The complexity of the web

The web pages below let you explore the complexities of encoding (aka sanitising) and validating data to prevent XSS, the most notorious way for things to go off the rails in modern web-applications.

The central technology here is the mark-up language HTML, but this language involves a range of other technologies including

The web browser is the obvious place where these technologies are used, but mobile phone apps and increasingly also desktop apps use them too: often an app is effectively just a dedicated browser for an individual web site and so-called Electron apps are built using HTML and JavaScript.

All the web pages below are totally self-contained: the required JavaScript code is inlined inside the HTML or uses standard APIs provided by any browser, notably the DOM API. Note that the use of inlined JavaScript is considered bad practice as it makes for a poorly maintainable messy mixture of JavaScript code and HTML content. Still, for these demo web pages it has advantages: you can easily make a copy of this web page on your local file system, tinker around with it, and then view - and execute - the result in a browser to see the effect.

Mimicking a web server inside a web page with JavaScript

The web pages below contain JavaScript code that mimics the behaviour of a web server. More specifically, the pages micic a web template engine that generates a web page using a web template. The pages contain form fields to supply parameters to these templates and buttons to generate a web page by inserting them.

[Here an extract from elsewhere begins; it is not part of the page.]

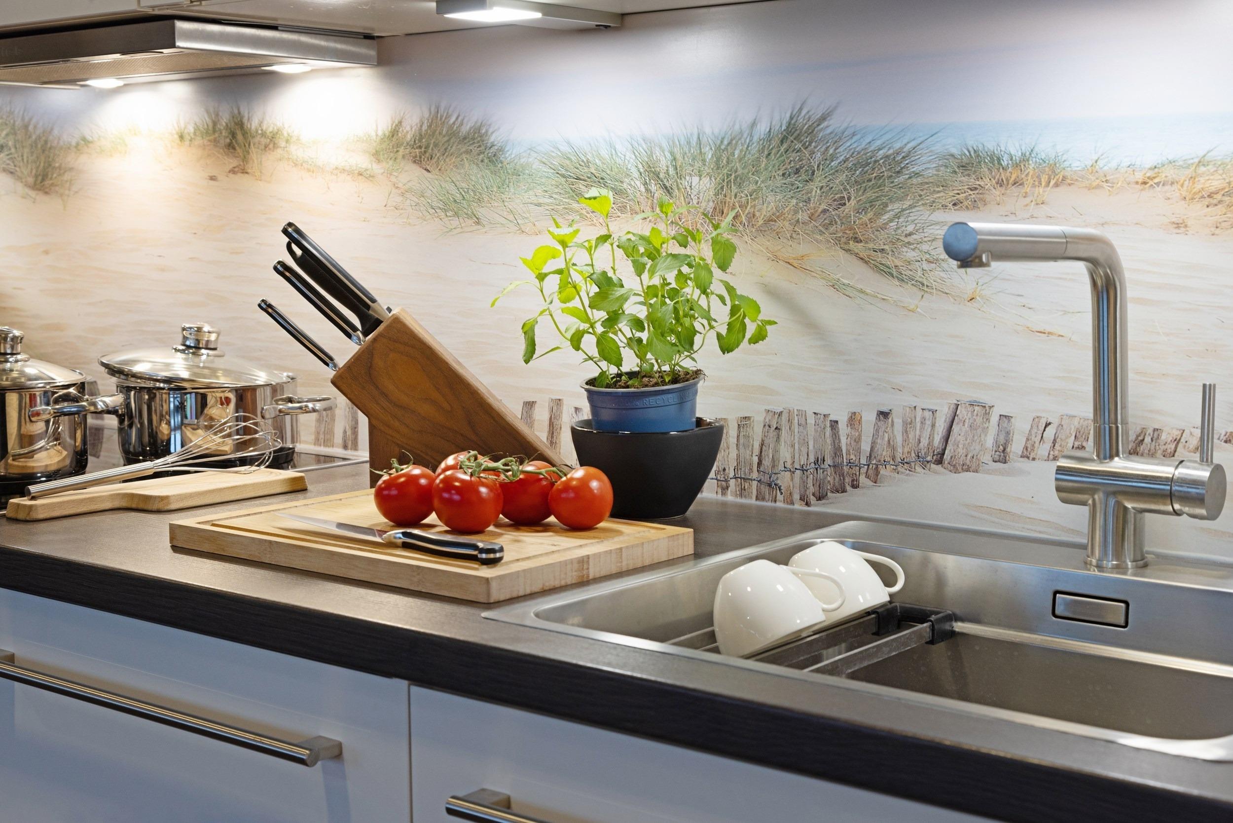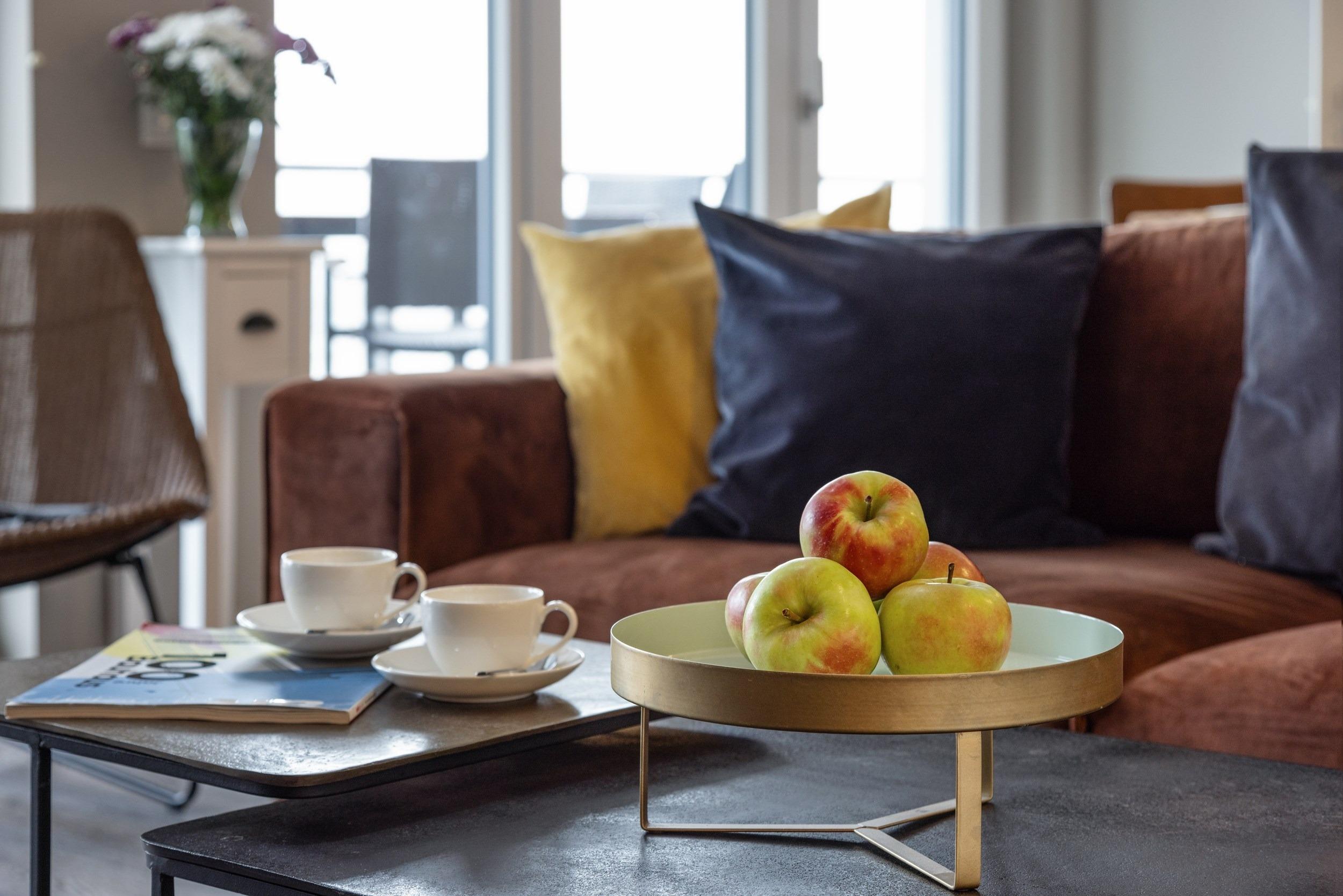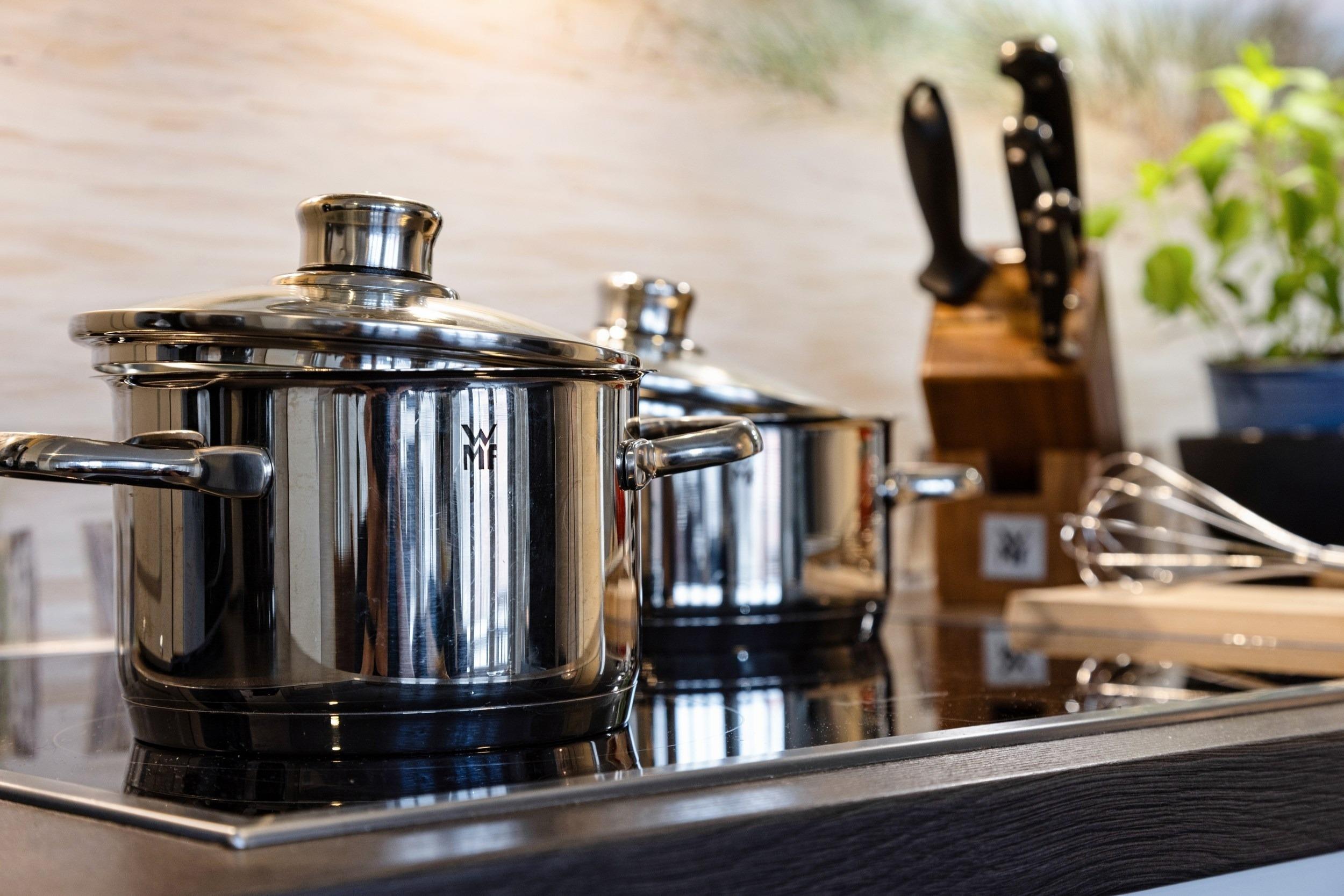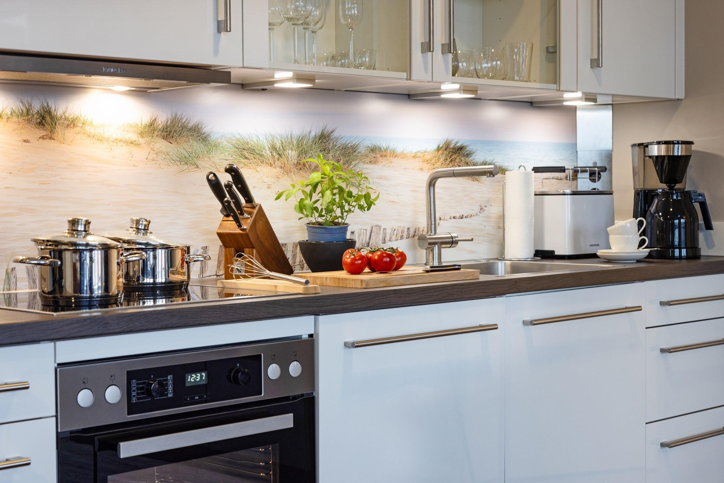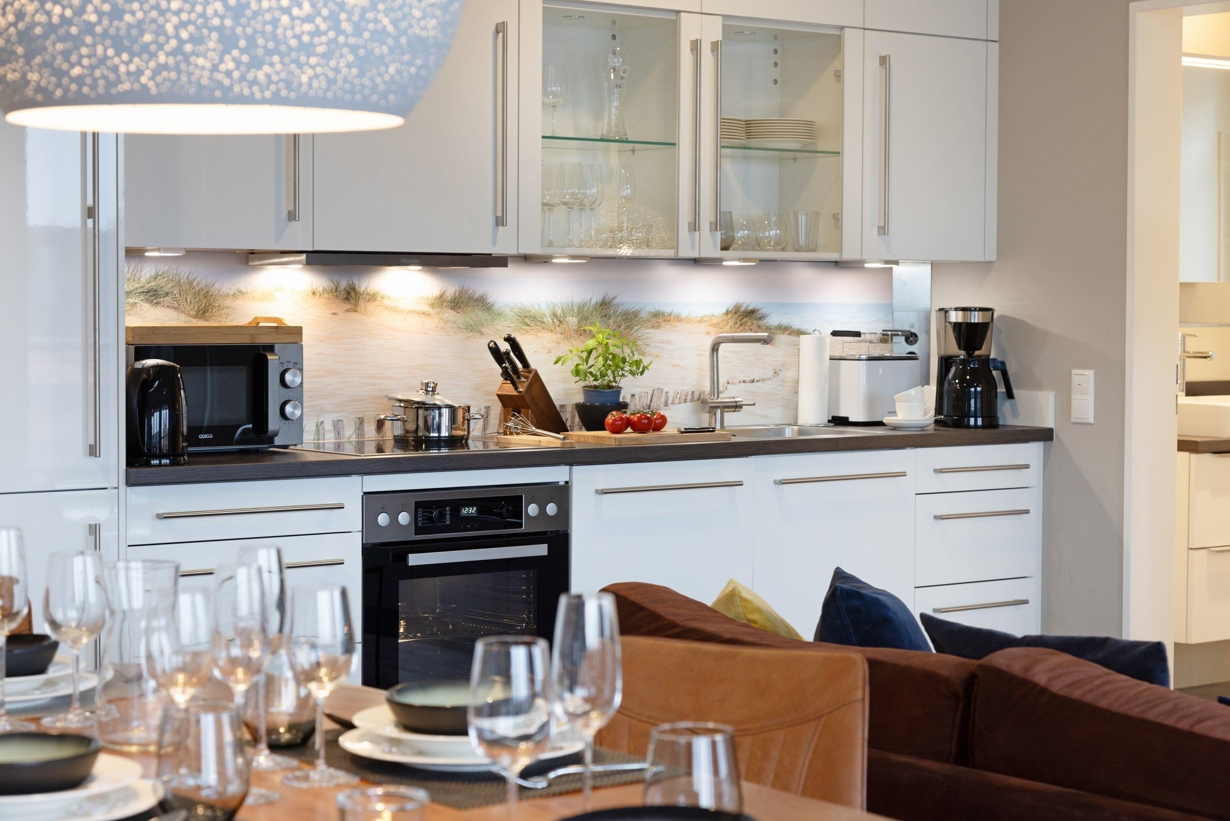 Ein weiteres Highlight der Wohnung ist der mit einer hochwertigen Marken-Komfortku¨che ausgestattete offene Wohn-/Essbereich. Hier ko¨nnen Sie jederzeit gemeinsam etwas Feines zubereiten. Die hochwertige hochgla¨nzende Weißlack-Ku¨che verfu¨gt u¨ber einen programmierbaren Backofen, eine Mikrowelle, einen Herd mit vier Ceran-Kochfeldern, großvolumige Mu¨lltrennungs-Schubfa¨cher unter der Design-Spu¨le, eine Spu¨lmaschine mit Timerfunktion, einen gera¨umigen Ku¨hlschrank sowie einen separaten 68l Gefrierschrank fu¨r Ihre Tiefku¨hlvorra¨te (Markengera¨te). Kaffeetrinker ko¨nnen zwischen einer TASSIMO-Kapselmaschine, einer Filterkaffeemaschine oder einer Handkaffeemaschine (French Press) wa¨hlen. Zur Vollausstattung geho¨ren zudem folgende Gera¨te: Milchaufscha¨umer, Handru¨hrgera¨t, Stabmixer, WMF-Messerblock, Wasserkocher, WMF-Toaster, Eierkocher, RO¨SLE-Salatschleuder, Design-Nussknacker, Knoblauchpresse, Kartoffelpresse, WMF-Korkenzieher und vieles mehr. Fu¨r Ihren leckeren selbst gebackenen Kuchen stehen Ihnen Backformen, Kuchengeschirr mit passendem Besteck sowie Schaber, Mixer und weitere Utensilien zur Verfu¨gung. Hochwertige Gla¨ser, edles Geschirr von Villeroy [&] Boch, WMF-Kochmesser und WMF-Besteck, alles ausreichend bemessen fu¨r einen gleichzeitigen Spu¨lmaschinenbetrieb, runden das exkusive Angebot ab.

The resulting HTML is inserted into the web page using the DOM API so that it is rendered inside the browser.

Two techniques we use are interactively changing a web page and JavaScript template strings:

  1. Changing a web page using innerHTML and document.write()

    We use two different ways to insert HTML content into a web page:
    1. an assignment to the property innerHTML of an 'element' of a web page, and
    2. the method document.write().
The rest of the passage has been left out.